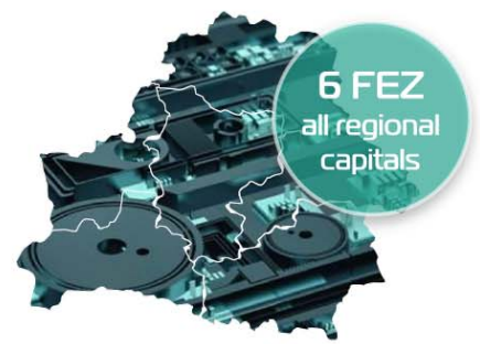
FREE ECONOMIC ZONES
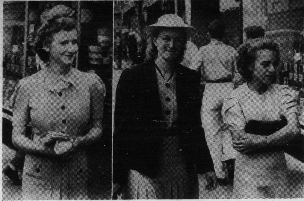
More free theatre tickets await at The Tribune office. If those persons pictured above will call and ask for them, each will be given two tickets, good for admission to both the Elk and Lyric theatres. More pictures good for free tickets next week.

MILL WORK Elkin Lbr. & Mfg. Co. "Everything to Build Anything"
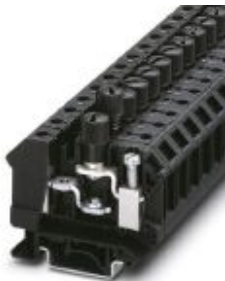
Fuse terminal block for cartridge fuse insert, cross section: 0.5 - 16 mm 2 , AWG: 24 - 6, width: 12 mm, color: black

Please be informed that the data shown in this PDF Document is generated from our Online Catalog. Please find the complete data in the user's documentation. Our General Terms of Use for Downloads are valid ( http://phoenixcontact.com/download )
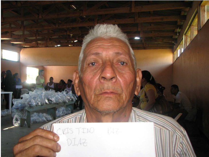
Unfortunately for this gentleman, his undiagnosed glaucoma resulted in blindness in each eye.
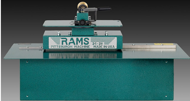
Shown with Optional Power Flanger

Dealer: Address: City: State/Zip: Phone:
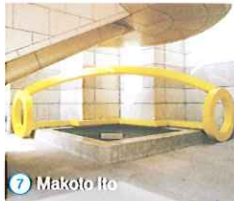
7 Makoto Ito

Bollards, benches, signs, streetlights, sprinkler heads, ventilation ports: functional features have been transformed by these artists' hands into beautiful, disturbing, and mysterious objects. These works of art, now familiar presences integrated into the neighborhood, connect with people and get close to them, displaying many different faces.
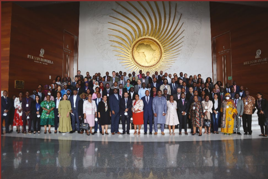
42 Member States and 6 Ministers of Health present in Addis Ababa to validate and launch the strategy, April 2022

In the second strategic plan (2023-2027), one of the priorities of Africa CDC is to strengthen integrated health systems to prevent and control high-burden diseases in Member States.
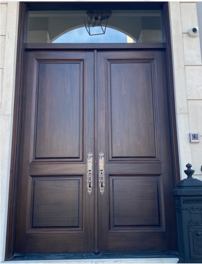
MODEL: DD2P Stain: Brown Mahogany
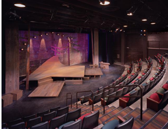
Photo 3: Theater Performance Space

The north-facing storefront is a mix of historical and modern windows. The first floor windows utilize high-performance glazing and provide daylight for the entire first floor lobby that is connected to the main floor of the theater. The second floor windows were renovated with modern operable windows that are larger than the previous one. The windows increase daylight to the second floor administration offices while providing natural ventilation during seasonally appropriate times of the year.
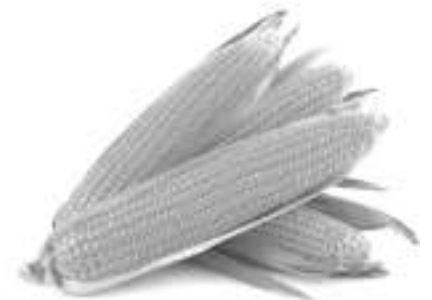
Scientific name: Zea mays L. Common name: Mais (Tagalog); Corn (Ingles)

Ang mais ay kilalang pananim sa mga bukirin sa Pilipinas na inaani para sa bunga nito na butil. Ang halamang mais ay isang uri ng damo na may taas na 1.5 hanggang 2 metro. Ang bunga ay may maputi o madilaw na mga butil na karaniwang ginagamit sa ilang mga produkto at pagkain. Ang mais ay
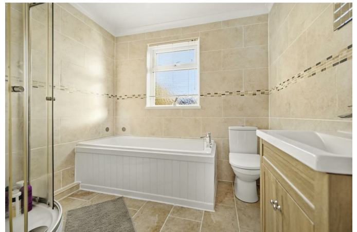
Fitted with four piece suite to include panelled bath, corner shower, low level wc, pedestal wash hand basin, fully tiled walls, tiled flooring, heated towel rail and window to rear.
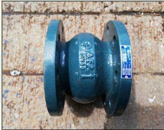
Figure 1: Photograph of test sample AFA Silent Check Valve DN 50.

This Test Report refers only to samples submitted by the applicant to SIRIM QAS International Sdn. Bhd. and tested by SIRIM QAS International Sdn. Bhd. This Test Report shall not be reproduced, except in full and shall not be used for any purpose by any means or forms (including but not limited to advertising purposes) without written approval from the Managing Director, SIRIM QAS International Sdn. Bhd. Please refer the last page for Conditions Relating to the Use of Test Report.
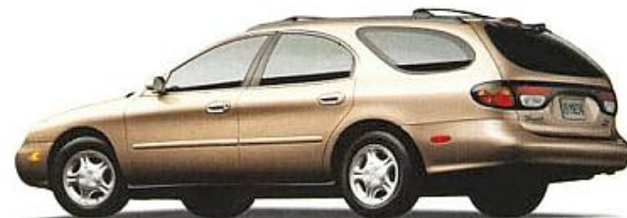
Taurus GL Wagon in Light Saddle Clearcoat Metallic.
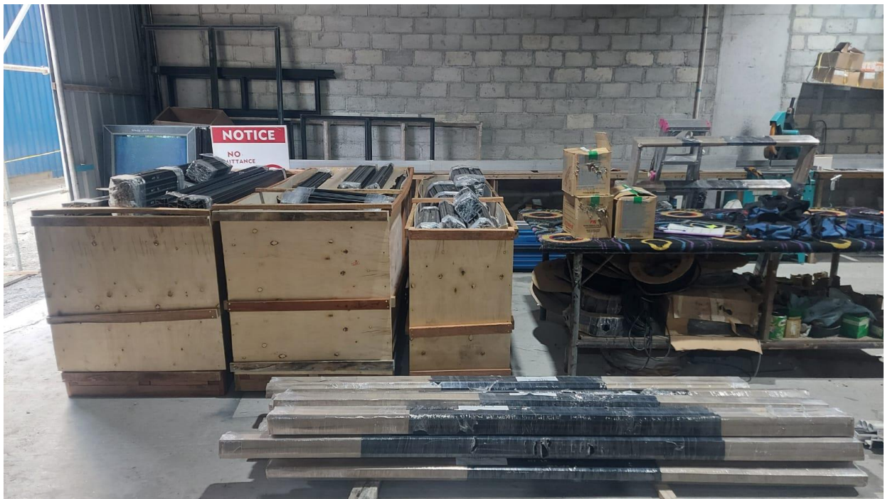
Aluminium Door and Window frame stored at site
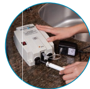
Easy to Install New quick connect port/fittings
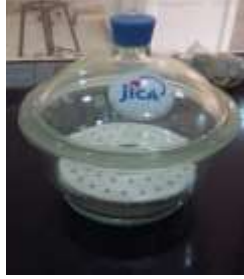
Plate(3): Destecator used keeping of the samples before extracting from oven
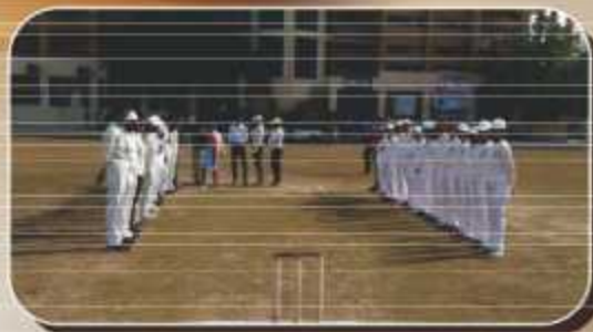
Inter-Collegiate Cricket Women Tournament
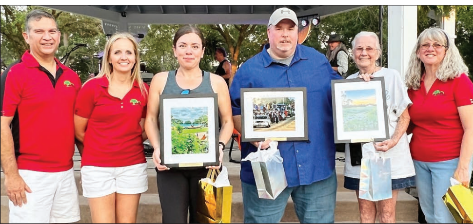
Photo winners in the KFB contest were announced June 3 at the Concert in the Park in Stevenson Park.
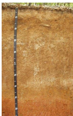
Figure 9. Loring series

The accompanying picture of the Loring series shows a thin surface horizon and a light-colored albic horizon over a brown silt loam subsoil at about 20 cm. A fragipan is below about 55 cm in this picture. The fragipan is a barrier to roots. Picture courtesy of Kevin Godsey and Dan Childress; scale is in centimeters.
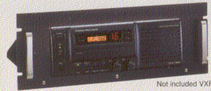
MR-3 EIA-standard 19-inch Rack
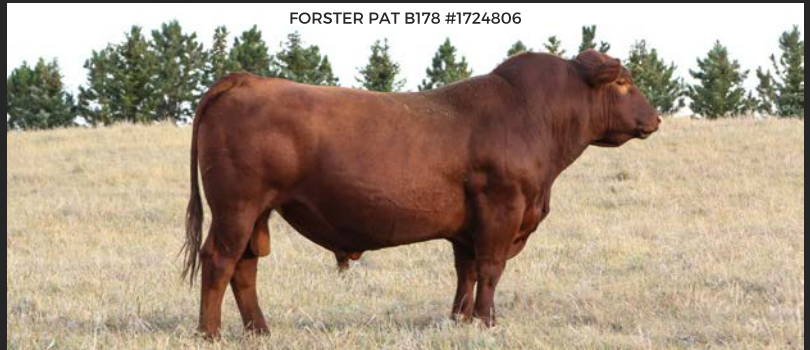
FORSTER PAT B178 #1724806
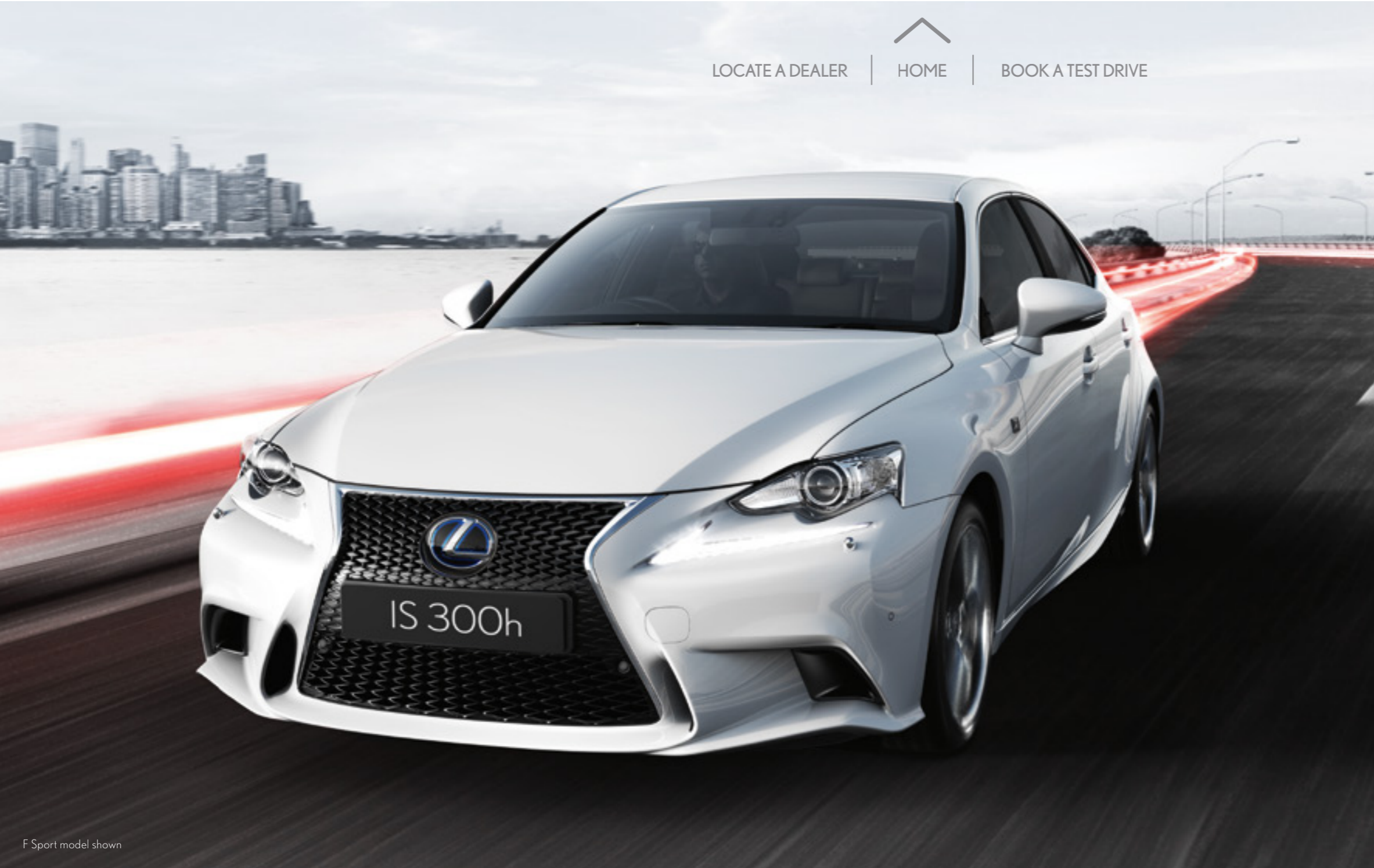
F Sport model shown
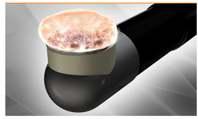
Plasma field formation
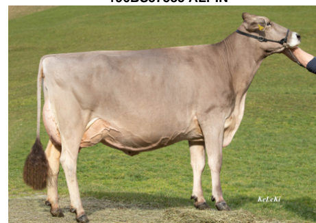
Maternal Sister to Alpin's Dam: Salomon Simona
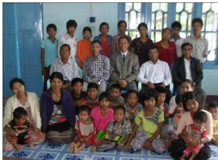
Believers in Matupi, Myanmar

The Lord added three souls to his church. I have attached some pictures of the various activities. The believers look young, but they are of mature age. Please
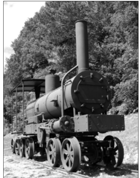
Figure 15. The refurbished Davidson Locomotive.

The Davidson Locomotive (Fig. 14) is thought to be the only surviving example of a locally built (i.e. at Hokitika) steam locomotive that was used on bush railways near Greymouth. Like the Mahinapua Creek bridge, this was also refurbished by Gray Bros Engineering in Greymouth under Jim Staton's supervision. After earlier attempts at painting with epoxy mastic (see Fig. 4), the locomotive was fully dismantled and new parts were fabricated where required. All of the metalwork was then abrasive blast cleaned, coated with 80 µm of zinc metal applied by arc spray, and finished with 120 µm of high-build epoxy (supplied by Altex Coatings). The end result is shown in Fig. 15.
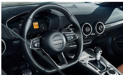
TT sport contour leather steering wheel, flat-bottomed
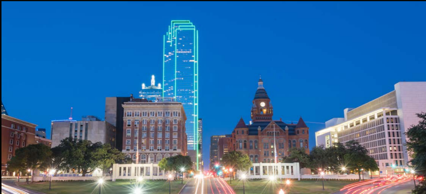
WALKABLE TO DOWNTOWN DALLAS
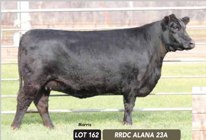
Morris LOT 162 RRDC ALANA 23A
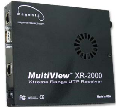
MultiView XR-2000DP-A Receiver 400R3681

Breakthrough MultiView XR-2000 Receiver widens Magenta's performance lead in video resolution and distance capabilities
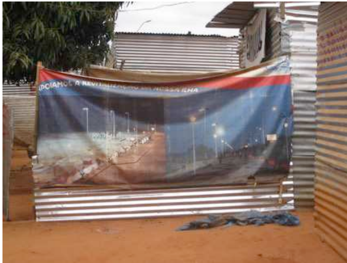
Banner advertising the project for the redevelopment of the Ilha.
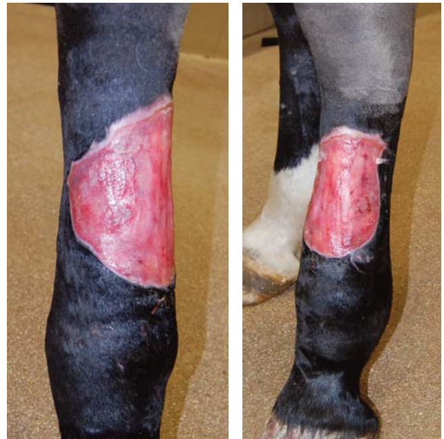
Figure 5. After 28 days (including an 11-day preparation period (with daily bandage changes with local application of fucidinic acid and silver sulfadiazine on alternating days), the granulation bed is now ready for skin transplantation.

VAC therapy was continued for five days without bandage change during that period. Five days after the
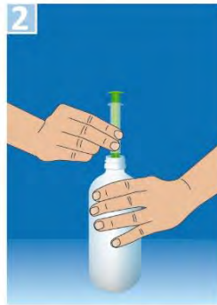
Connect the syringe
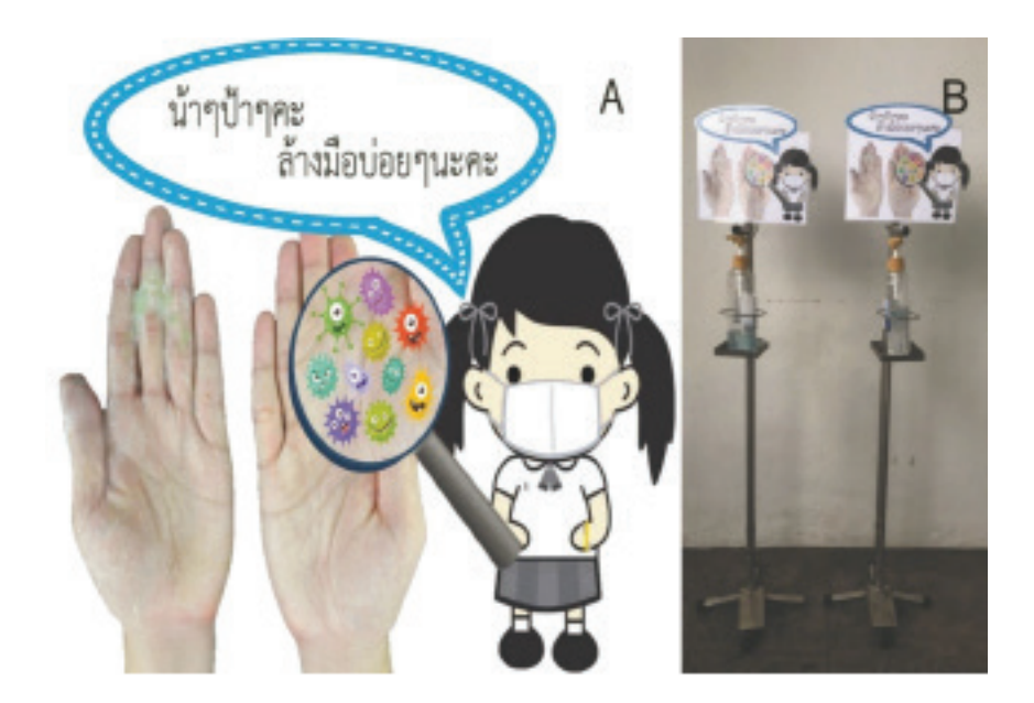
Remark: translation of the word balloon: "Aunties, uncles, please wash your hands often!"
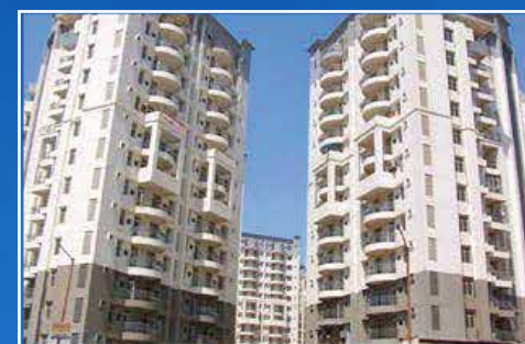
Mega City, Indirapuram, Ghaziabad
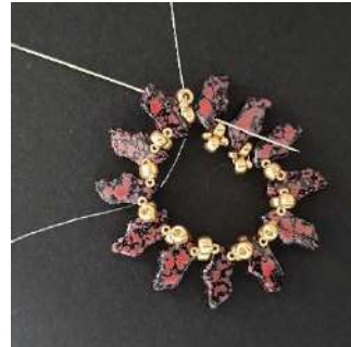
7) Pass through the Delos
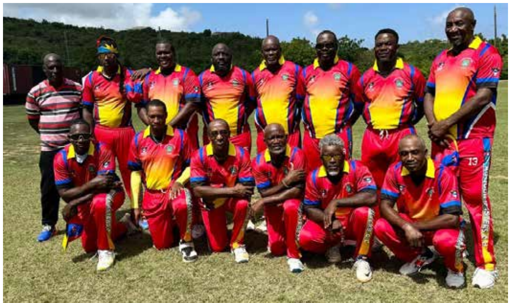
The Antigua Masters cricket team
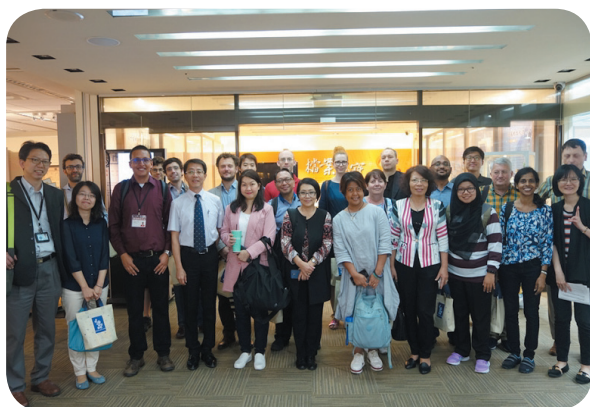
Foreign scholars visit the National Archives Administration.

Every year, the National Central Library (NCL) organizes a one-day program of activities familiarizing visiting scholars with Taiwan’s academic resources and explaining how to utilize them. The first program of 2019 took place on April 11. In the morning, scholars attended a session on using the resources available at the library. This was followed by an afternoon visit to the National Archives Administration (NAA).
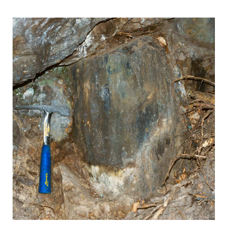
Two out of a dozen of petrified trees of Laas.
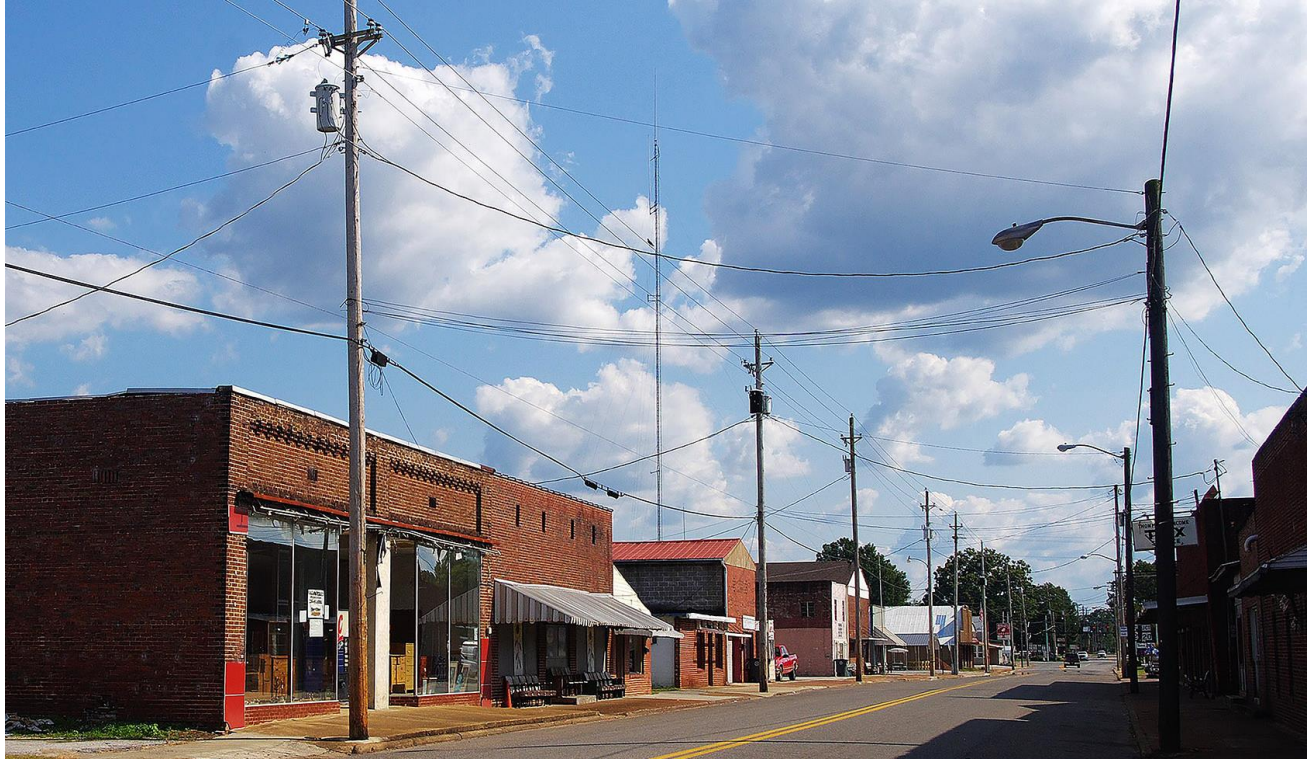
Town Creek Main Street
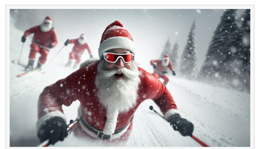
Inventory Management for Ecommerce Sellers - How to Build a Seasonality Index

COEUR D'ALENE, ID, UNITED STATES, June 26, 2024 /EINPresswire.com/ -- Inventory Boss, a leading SaaS provider of inventory management software solutions and training for ecommerce sellers, has released its latest educational guide. The new article, titled "Adapting Inventory Strategies for Seasonal Peaks," is designed to help

==========

What the exercise asks >>
Some lines in the records may hold "Inventory"; state how many do, and give no more than that number.

Response >>
2